EXERCISE AIM
The entries below contain pictures. Write out only the lines from the line with "De acuerdo a" up to and including the line with "Kroger® Refresh Strawberry", exactly, without them.
== DATASET EXCERPTS
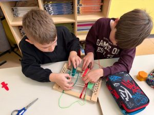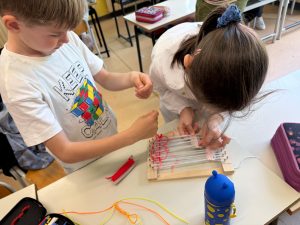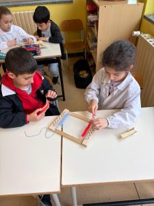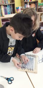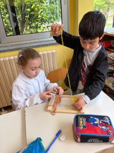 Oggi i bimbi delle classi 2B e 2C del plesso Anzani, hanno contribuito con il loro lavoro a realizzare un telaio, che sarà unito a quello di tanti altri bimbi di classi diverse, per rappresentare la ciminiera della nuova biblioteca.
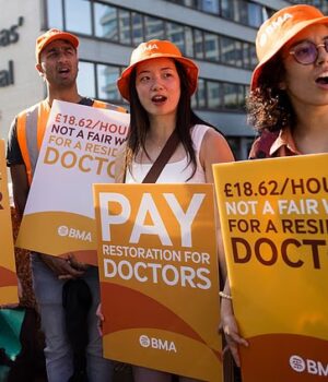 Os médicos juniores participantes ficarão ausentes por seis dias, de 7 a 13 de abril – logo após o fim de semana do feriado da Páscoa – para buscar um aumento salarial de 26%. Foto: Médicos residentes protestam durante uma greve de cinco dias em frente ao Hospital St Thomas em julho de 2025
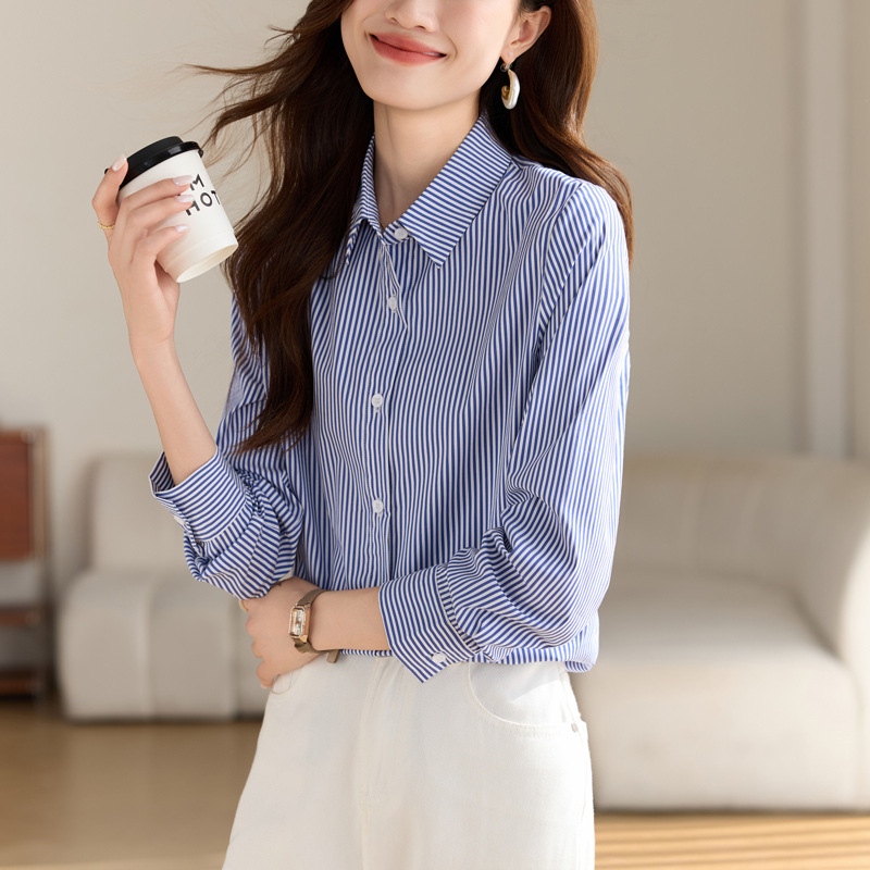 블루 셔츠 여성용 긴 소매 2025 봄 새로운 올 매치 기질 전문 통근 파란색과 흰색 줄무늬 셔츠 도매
====
== DATASET EXCERPTS
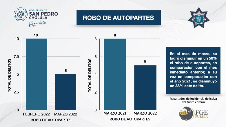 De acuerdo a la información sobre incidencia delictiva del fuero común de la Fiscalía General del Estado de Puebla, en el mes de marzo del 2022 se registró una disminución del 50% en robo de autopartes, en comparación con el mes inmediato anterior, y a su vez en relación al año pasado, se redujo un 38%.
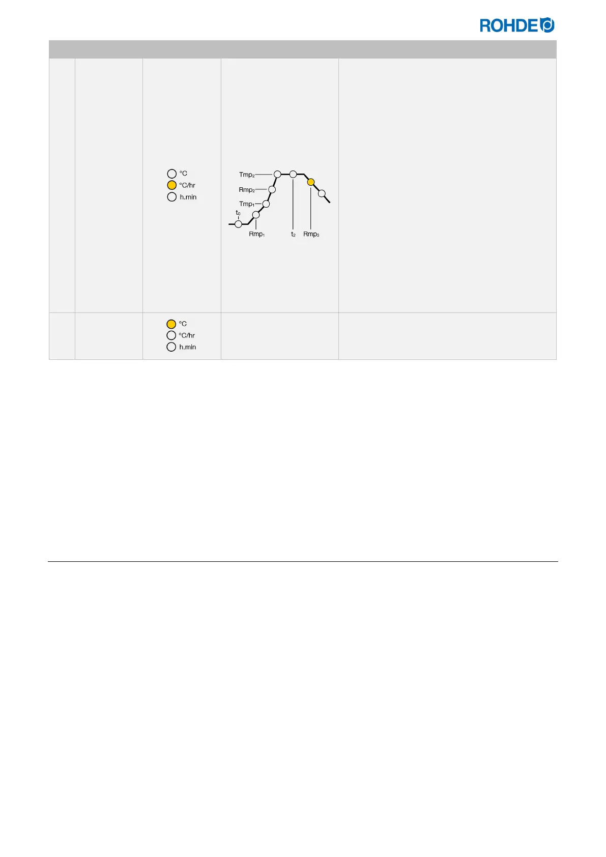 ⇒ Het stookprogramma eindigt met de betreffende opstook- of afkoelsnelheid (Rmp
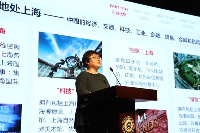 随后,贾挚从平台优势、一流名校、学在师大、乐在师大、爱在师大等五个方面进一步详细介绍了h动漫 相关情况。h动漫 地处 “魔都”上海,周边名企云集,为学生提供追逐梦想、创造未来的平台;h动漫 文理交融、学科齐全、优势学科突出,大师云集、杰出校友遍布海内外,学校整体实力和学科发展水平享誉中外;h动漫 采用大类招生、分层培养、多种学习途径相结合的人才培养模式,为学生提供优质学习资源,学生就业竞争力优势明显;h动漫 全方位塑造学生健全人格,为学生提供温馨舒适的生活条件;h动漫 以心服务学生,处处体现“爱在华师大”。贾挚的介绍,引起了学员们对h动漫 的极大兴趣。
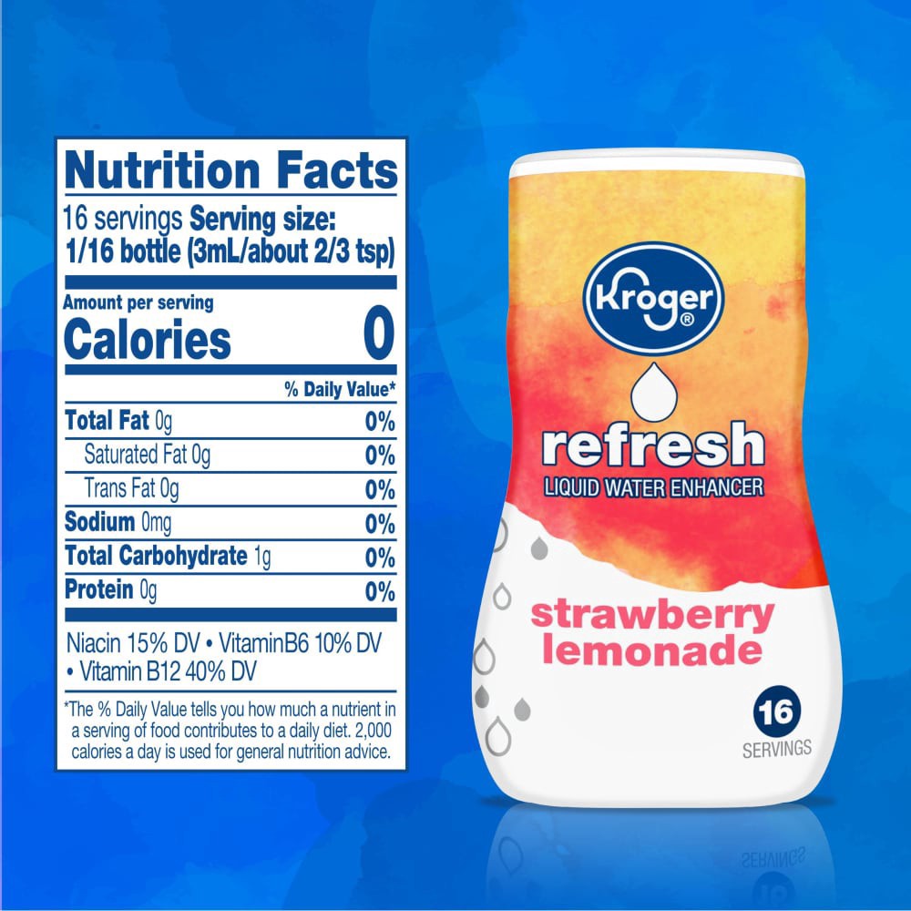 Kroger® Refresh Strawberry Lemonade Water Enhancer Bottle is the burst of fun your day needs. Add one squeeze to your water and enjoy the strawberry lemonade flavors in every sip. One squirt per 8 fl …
====
OUTPUT
 De acuerdo a la información sobre incidencia delictiva del fuero común de la Fiscalía General del Estado de Puebla, en el mes de marzo del 2022 se registró una disminución del 50% en robo de autopartes, en comparación con el mes inmediato anterior, y a su vez en relación al año pasado, se redujo un 38%.
 ⇒ Het stookprogramma eindigt met de betreffende opstook- of afkoelsnelheid (Rmp
 随后,贾挚从平台优势、一流名校、学在师大、乐在师大、爱在师大等五个方面进一步详细介绍了h动漫 相关情况。h动漫 地处 “魔都”上海,周边名企云集,为学生提供追逐梦想、创造未来的平台;h动漫 文理交融、学科齐全、优势学科突出,大师云集、杰出校友遍布海内外,学校整体实力和学科发展水平享誉中外;h动漫 采用大类招生、分层培养、多种学习途径相结合的人才培养模式,为学生提供优质学习资源,学生就业竞争力优势明显;h动漫 全方位塑造学生健全人格,为学生提供温馨舒适的生活条件;h动漫 以心服务学生,处处体现“爱在华师大”。贾挚的介绍,引起了学员们对h动漫 的极大兴趣。
 Kroger® Refresh Strawberry Lemonade Water Enhancer Bottle is the burst of fun your day needs. Add one squeeze to your water and enjoy the strawberry lemonade flavors in every sip. One squirt per 8 fl …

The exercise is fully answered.